After his discharge, he led an effort to build a monument in San Antonio to commemorate the contributions of the Mexican soldier.
The group, however, diverted the enlisted funds to support the famous desegregation fight against the Del Rio Independent School District, which became known as the Salvatierra case of 1930. A local court favored the plaintiffs, however, a state court reversed the ruling and decided that the school district was not segregating children on the basis of race.
In his private moments Luz must have seen this early legal challenge against school segregation as a symbolic tribute to Mexican American veterans of WWI.
In 1924, Luz, Alonso Perales from San Antonio, and José T. Canales from Brownsville attempted to form a statewide organization that could effectively address discrimination and inequality. He joined Perales in a speaking tour in the Rio Grande Valley with this in mind.
During the first failed attempt in 1927 to form this organization in Harlingen, Luz served as the Secretary of the convention. Two years later, Luz delivered a key address during the Corpus Christi Convention that was to successfully unite various organizations as LULAC. According to his family, Luz wrote the first constitution of what was to become the leading Mexican American civil rights organization.

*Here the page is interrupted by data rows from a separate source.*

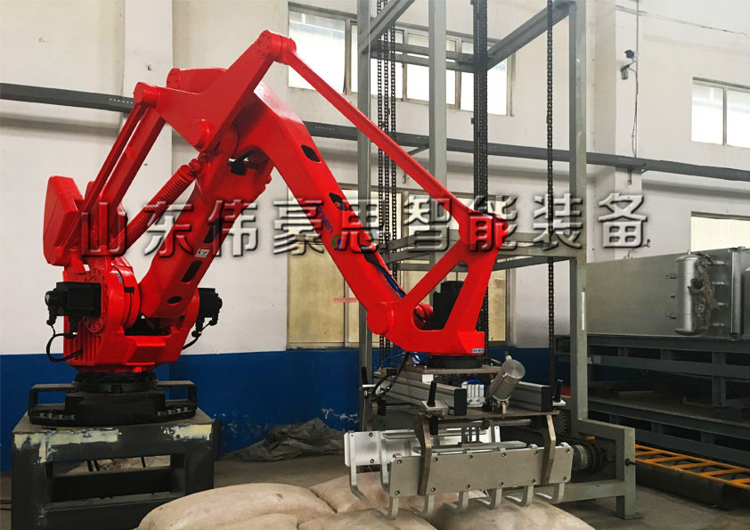 25kg面粉機器人碼垛機具有自動化水平高、碼碼速度快、成垛后垛形整齊等特點,針對碼垛機器人的工作要求,山東偉豪思提供碼垛機機器人系統,主要包含硬件和軟件的完整解決方案,提供運動控制器、伺服馬達、I/O模塊等硬(ying)件(jian)產(chan)品,以及(ji)碼(ma)垛機系統控(kong)制(zhi)軟件(jian)。客戶選配山東偉豪思碼(ma)垛機器人系統后進行配線安(an)裝,無需(xu)進行程序開發,即可開始使用(yong)。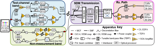 图1 4芯强耦合光纤s,c l波段传输实验
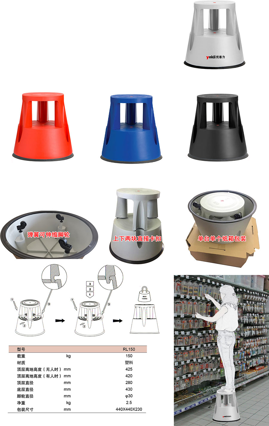 ● 鋼質腳凳標準顏色為灰色、藍色,有紅色、黑色可選。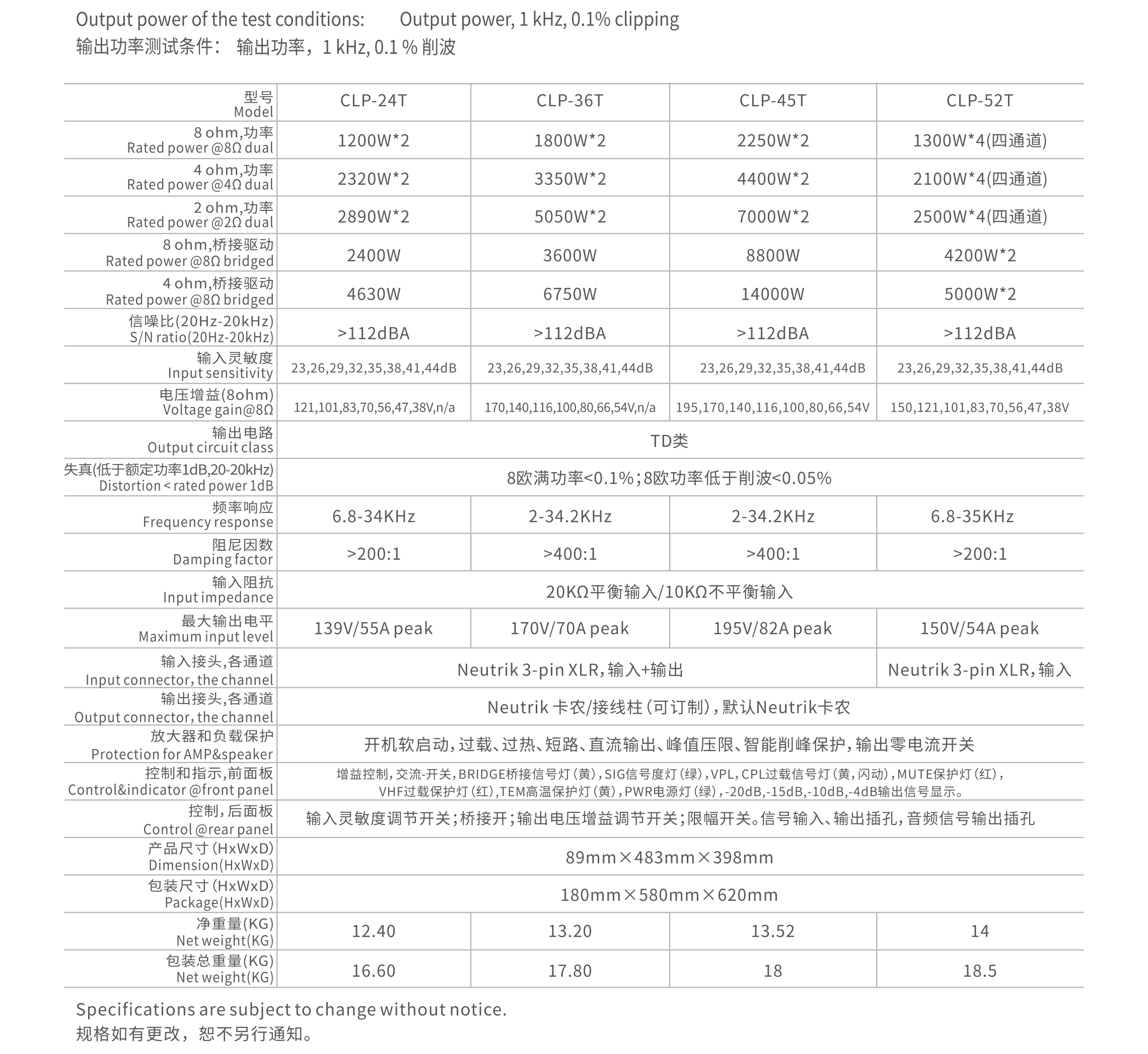– Dòng Công suất CLP áp dụng công nghệ tiên tiến của Châu Âu, bộ nguồn chuyển đổi chỉnh lưu R.SMPS và tầng đầu ra TD được kết hợp,tạo nên chất lượng âm thanh đầy đủ và tinh khiết,ngoài ra nó được làm từ các linh kiện chất lượng cao của các thương hiệu nổi tiếng trên thế giới để đạt được hiệu suất công việc lên tới 90%.Tiết kiệm điện và toả nhiệt thấp,với chất lượng âm thanh của bộ khuếch đại class A và tiết kiệm điện năng;cung cấp điện chuyển mạch được điều chỉnh ,để đảm bảo rằng công suất đầu ra cố thể được giữ cố định khi nguồn được đặt trong môi trường AC 190-260V và sẽ không bị giảm do sụt áp.Hiệu quả của bộ tản nhiệt bằng đồng với thiết kế ống dẫn khí tản nhiệt và dẫn nhiệt khoảng cách ngắn mang lại hiệu quả tốt hơn .

He remained one of LULAC’s most active members as evidenced by his membership on the organization’s Board of Trustees between 1930 and 1932. He also served as the president of the McAllen chapter in the 1930s, and throughout the 1930s and 1940s Luz promoted and expanded the views of LULAC with numerous articles in English and Spanish-language papers.
Luz retired from teaching soon after WW II. He did not remain inactive, however. Luz wrote two manuscripts; an autobiography that focused on his childhood and a philosophical treatise on life here and in the hereafter. He also accompanied his youngest son at Sul Ross University and used the opportunity to complete his B.A. studies.
Luz continued using his pen to comment on issues affecting the Mexican community. In 1947, parents and community leaders from Alice successfully petitioned the naming of an elementary school after Luz.
He received this recognition for his long years of service to the teaching profession as well as for his tireless work on behalf of the Mexican community through LULAC, the American G. I. Forum, the Veterans of Foreign Wars, the American Legion, the Texas Council on Human Relations, and the American Council of Spanish Speaking Persons.